Using the records below, write out only the lines from the line containing "近日,中天合创在甲醇部空分装" up to and including the line containing "Zerstörung auf der", exactly, with no pictures.

═════ DATA SUPPLIED ═════

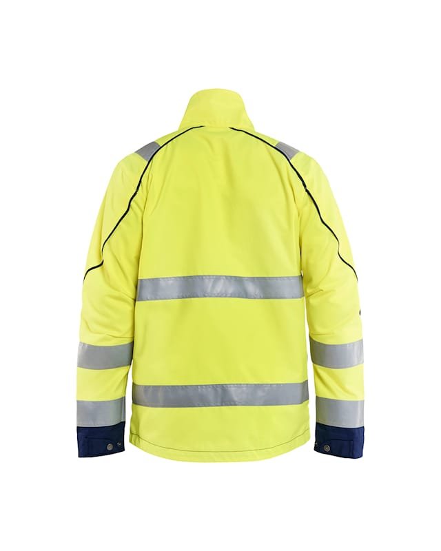 Industritvättbar varseljacka med modern passform som är designad för yrkesproffs som kräver hög synlighet, slitstyrka och enkel funktionalitet. Jackan är vattenavvisande, har en hög krage med täckt plastblixtlås och förlängt ryggslut för ökad komfort och skydd.
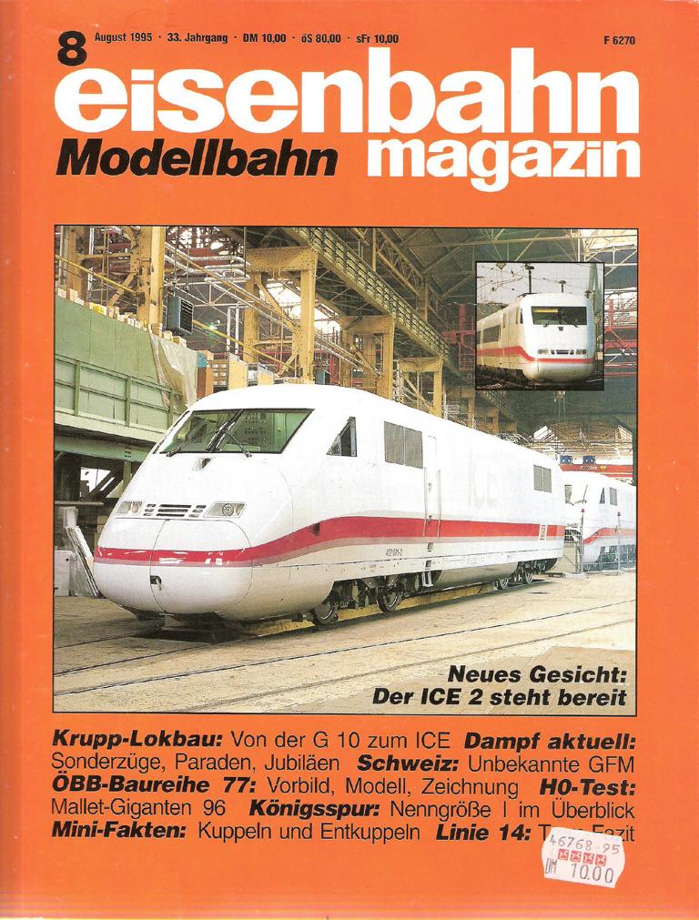 Eisenbahnmagazin Modellbahn 8/1995Magazin 110 SeitenFormat: 21 cm x 29,5 cmGewicht: 290 gZustand: gut
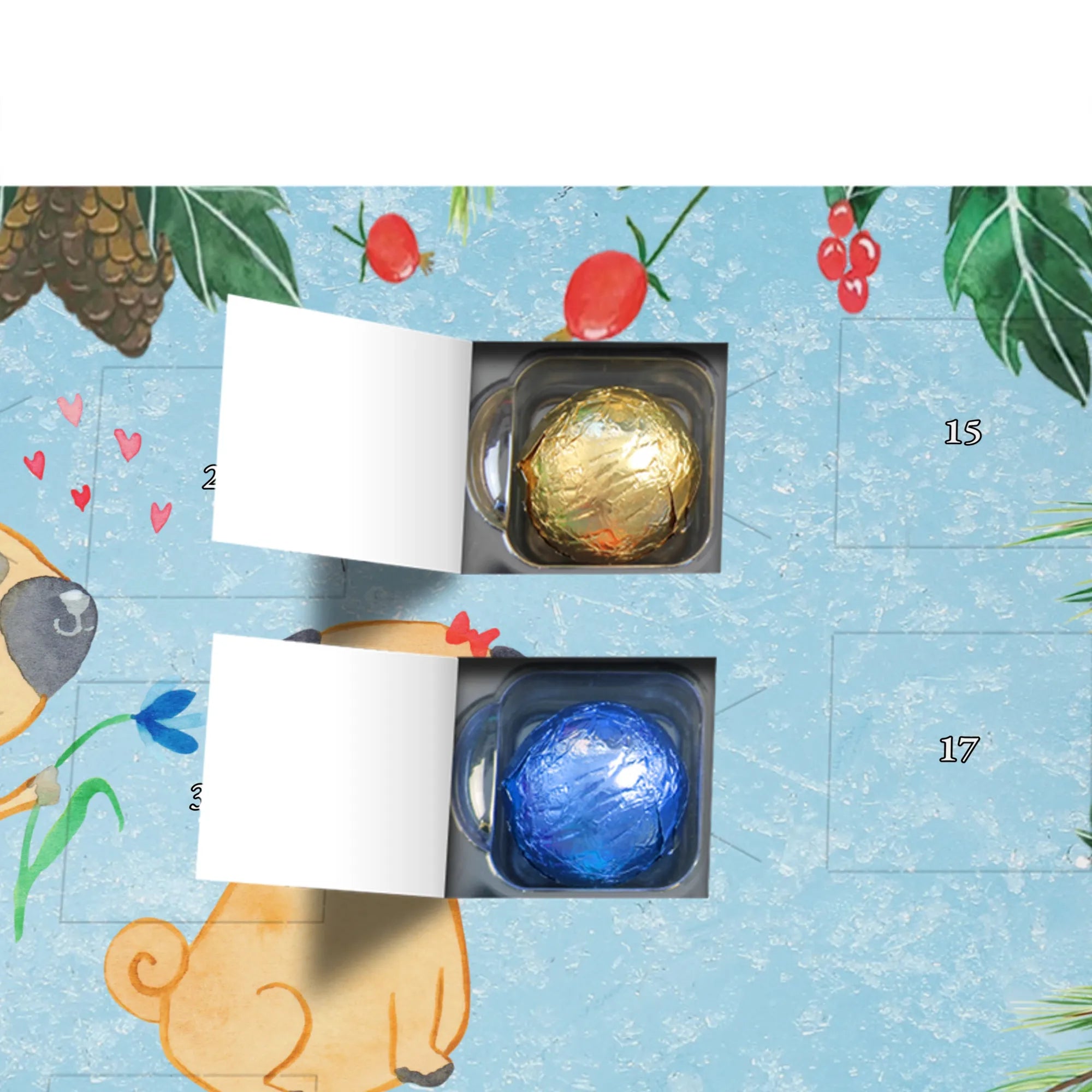 Wunderschöner Schokoladen-Adventskalender von Mr. & Mrs. Panda – süßes Design trifft hochwertige Verarbeitung. Unser Schokoladen-Adventskalender ist bedruckt mit wunderschönen Motiven & Sprüchen von Mr. & Mrs. Panda und nicht personalisierbar, dafür aber mit liebevollen Details gestaltet. Die brillante Druckqualität mit seidenmatter Oberflächenveredelung verleiht dem Kalender ein edles Finish, und auch die Seitenflächen sind bedruckt für einen rundum stimmigen Look. Maße: 233 mm x 178 mm x 24 mm. Die Konstruktion erlaubt sowohl das Aufstellen als auch das Aufhängen – Besonderheit: kann aufgehängt oder aufgestellt werden. Gefüllt mit MARKENNAMEN Schokolade und mit leckeren Schokoladenkugeln bestückt, ist jeder Dezembertag eine kleine Belohnung. Bitte lies die besonderen Hinweise: (Kann Spuren von Haselnüssen, Mandeln, Gluten und Soja enthalten!), kühl und trocken lagern. Ideal als Geschenk, Adventsdekoration oder süße Überraschung für Freunde und Familie. Mr. & Mrs. Panda wünscht dir eine gemütliche und genussvolle Adventszeit!
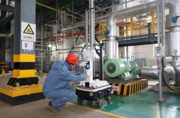 近日,中天合创在甲醇部空分装置投用智能机器人辅助巡检。该机器人能够按照预设路线巡检,覆盖生产区域所有关键位置,具备各类仪表读数、管线跑冒滴漏检测等功能,可大幅减轻员工工作压力,提高现场设备运行管理水平。图为3月28日操作人员在现场调试智能机器人。
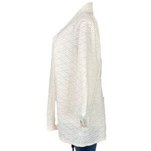 JM Collection +2X Eggshell Mesh Textured Weave Open Front 3/4 Sleeve Jacket
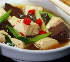 ② 鸭血烧豆腐(治产后贫血)绿豆芽炒肉丝、夏果仁笋粒炒虾仁
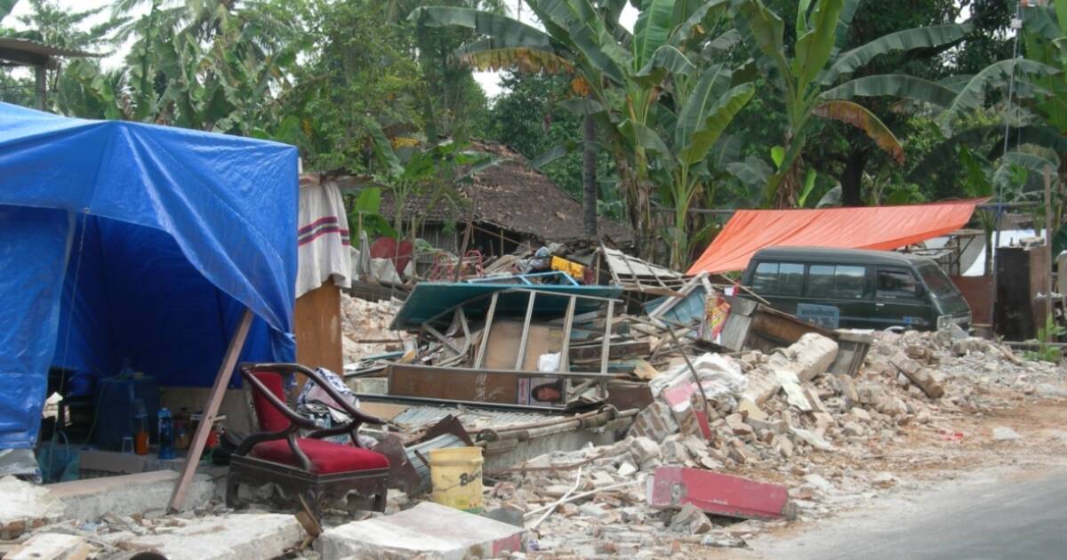 Zerstörung auf der indonesischen Insel Java nach einem Tsunami in 2006
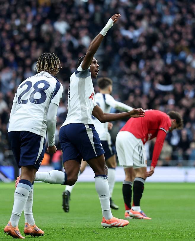 토트넘은 후반 시작과 함께 변화를 줬다. 랑달 콜로 무아니를 빼고 윌손 오도베르를 투입했다. 토트넘은 후반 17분 맨유 골망을 흔들었다. 히샬리송의 스루패스가 브레넌 존슨에게 연결됐다. 존슨이 침착하게 마무리했지만 오프사이드로 골이 취소됐다.

═════

**TASK OUTPUT:**
 近日,中天合创在甲醇部空分装置投用智能机器人辅助巡检。该机器人能够按照预设路线巡检,覆盖生产区域所有关键位置,具备各类仪表读数、管线跑冒滴漏检测等功能,可大幅减轻员工工作压力,提高现场设备运行管理水平。图为3月28日操作人员在现场调试智能机器人。
 JM Collection +2X Eggshell Mesh Textured Weave Open Front 3/4 Sleeve Jacket
 ② 鸭血烧豆腐(治产后贫血)绿豆芽炒肉丝、夏果仁笋粒炒虾仁
 Zerstörung auf der indonesischen Insel Java nach einem Tsunami in 2006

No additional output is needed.